SequentialAgentFor strict, step-by-step pipelines where Step B must happen after Step A.Deterministic routing. Data is passed robustly via state variables (output_key) and structured schemas.
ParallelAgentFor independent data gathering tasks (Fan-Out pattern).Fast execution (limited by the slowest sub-agent). Requires unique output_keys to avoid state race conditions.
LoopAgentFor iterative refinement tasks (e.g., Critic -> Refiner pattern).Requires a termination condition (max_iterations and/or a tool calling tool_context.actions.escalate = True).
CustomAgent
(Inherits BaseAgent)
For dynamic, hard-coded business logic and programmatic routing based on state.Maximum control.
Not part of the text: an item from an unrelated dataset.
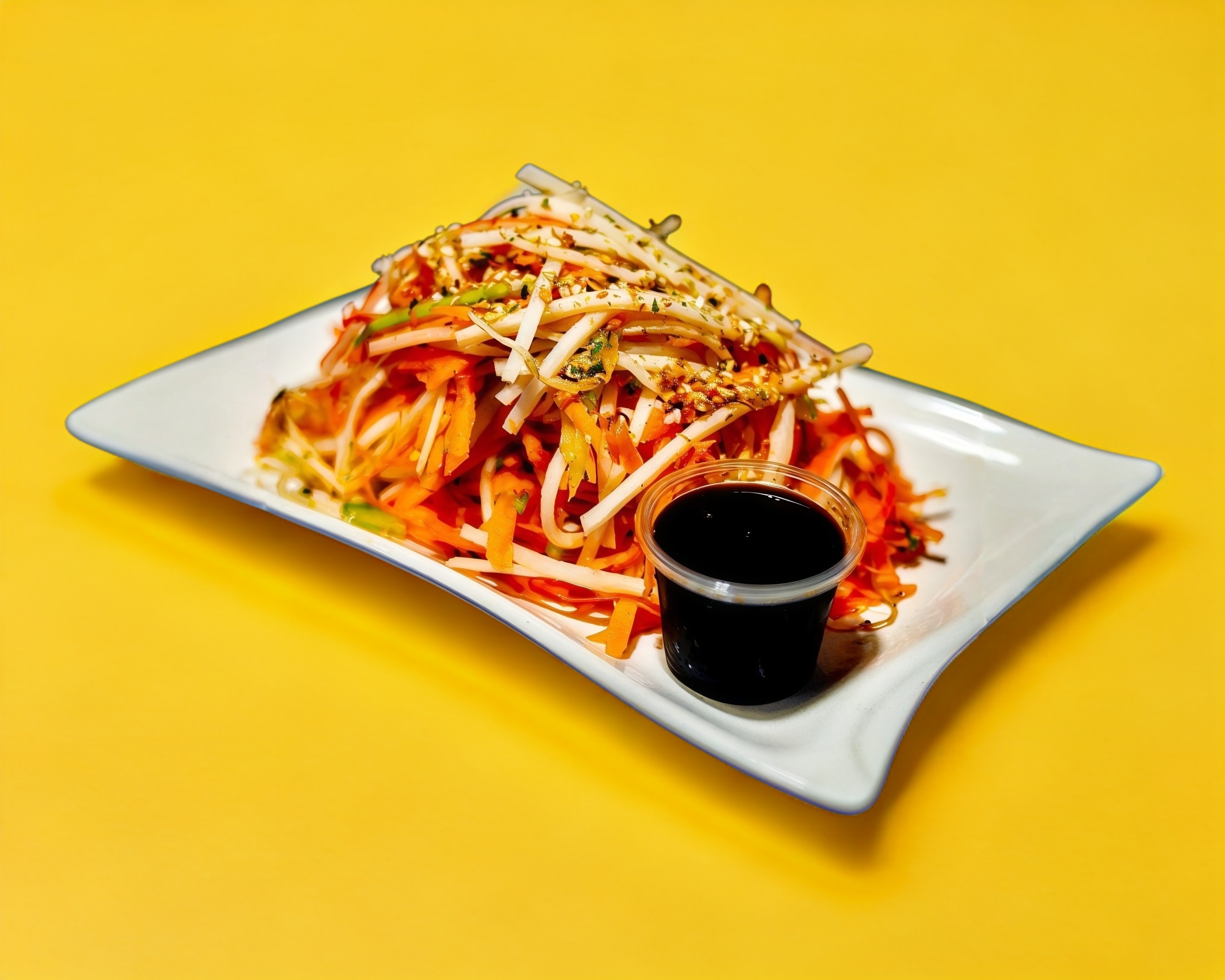 Pepino, surimi, zanahoria, morrón, germen, cebollín, soya, ajonjolí y furikake.

You write the _run_async_impl engine yourself, executing sub-agents silently or yielding them.
  • Small, Focused Tools: Design your tools to follow the single-responsibility principle. A tool should do one thing well. This makes them easier to test, debug, and for the LLM to reason about.
  • Clear, Structured Instructions: Your agent's instruction is its constitution. Use clear language, define a specific persona and goal, and provide examples (few-shot prompting) to guide its behavior.
  • Separate Logic from Configuration: Use Python-based agents (agent.py) for any agent that has tools or complex logic. Use YAML (root_agent.yaml) only for very simple, instruction-only agents.
  • Use Multi-Agent Systems for Complexity: Don't build monolithic agents. Break down complex problems into smaller, specialized agents and orchestrate them using the matrix above.
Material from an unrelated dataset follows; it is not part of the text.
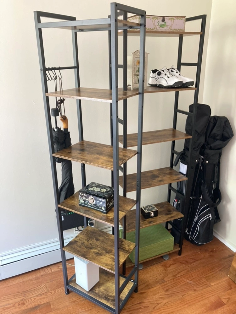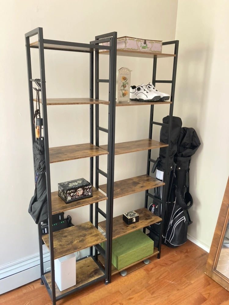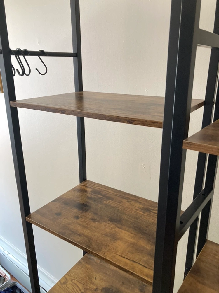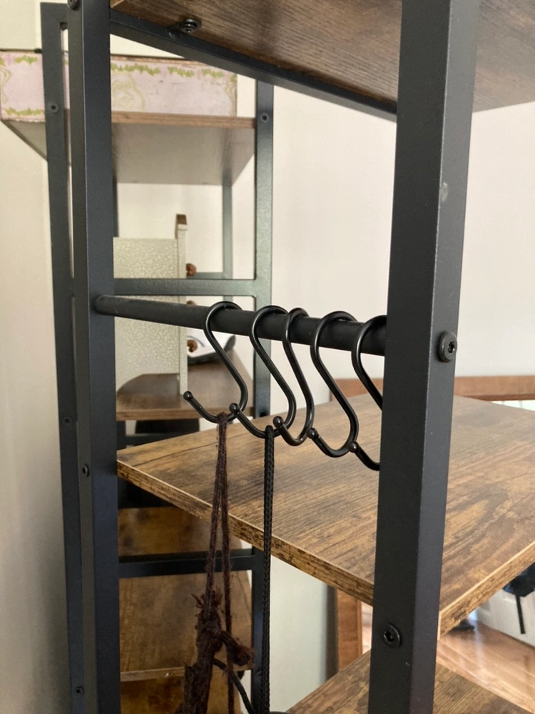 Black metal bookshelf with five wooden shelves and a hanging bar.

2. Performance Optimization​

  • Model Selection: Choose the right model for the job. Use cheaper, faster models (like gemini-2.5-flash) for simple tasks like classification or routing, and more powerful models (gemini-3-pro-preview) for complex reasoning.
  • Token Usage: Keep instructions concise and clear old conversation history periodically to manage the context window. Use max_output_tokens to prevent unnecessarily long and expensive responses.
  • Caching: Cache the results of expensive or frequently called tool functions, especially those that call external APIs.
  • Parallelism: Use a ParallelAgent for independent, non-sequential tasks to significantly reduce overall latency.
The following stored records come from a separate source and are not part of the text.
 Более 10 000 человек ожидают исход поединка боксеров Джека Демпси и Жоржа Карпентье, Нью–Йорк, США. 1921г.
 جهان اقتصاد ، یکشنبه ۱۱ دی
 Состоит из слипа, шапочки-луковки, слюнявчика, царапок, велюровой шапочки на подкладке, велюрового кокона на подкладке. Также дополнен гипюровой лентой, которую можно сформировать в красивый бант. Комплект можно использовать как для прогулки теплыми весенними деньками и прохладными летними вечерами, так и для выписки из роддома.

3. Security Best Practices​

  • Input Validation: Never trust user input. Validate and sanitize all inputs in your tool functions to prevent injection attacks (e.g., SQL injection, XSS).
  • Secrets Management: Never hardcode API keys or other secrets in your code. Use a .env file for local development and a secure secret manager (like Google Secret Manager) in production.
  • Authentication & Authorization: Secure your agent's API endpoints. Use the authentication provided by your deployment platform (e.g., Cloud Run IAM) or implement your own middleware.
  • Human-in-the-Loop (HITL): For tools that perform destructive or sensitive actions, implement an approval workflow using before_tool_callback to require human confirmation.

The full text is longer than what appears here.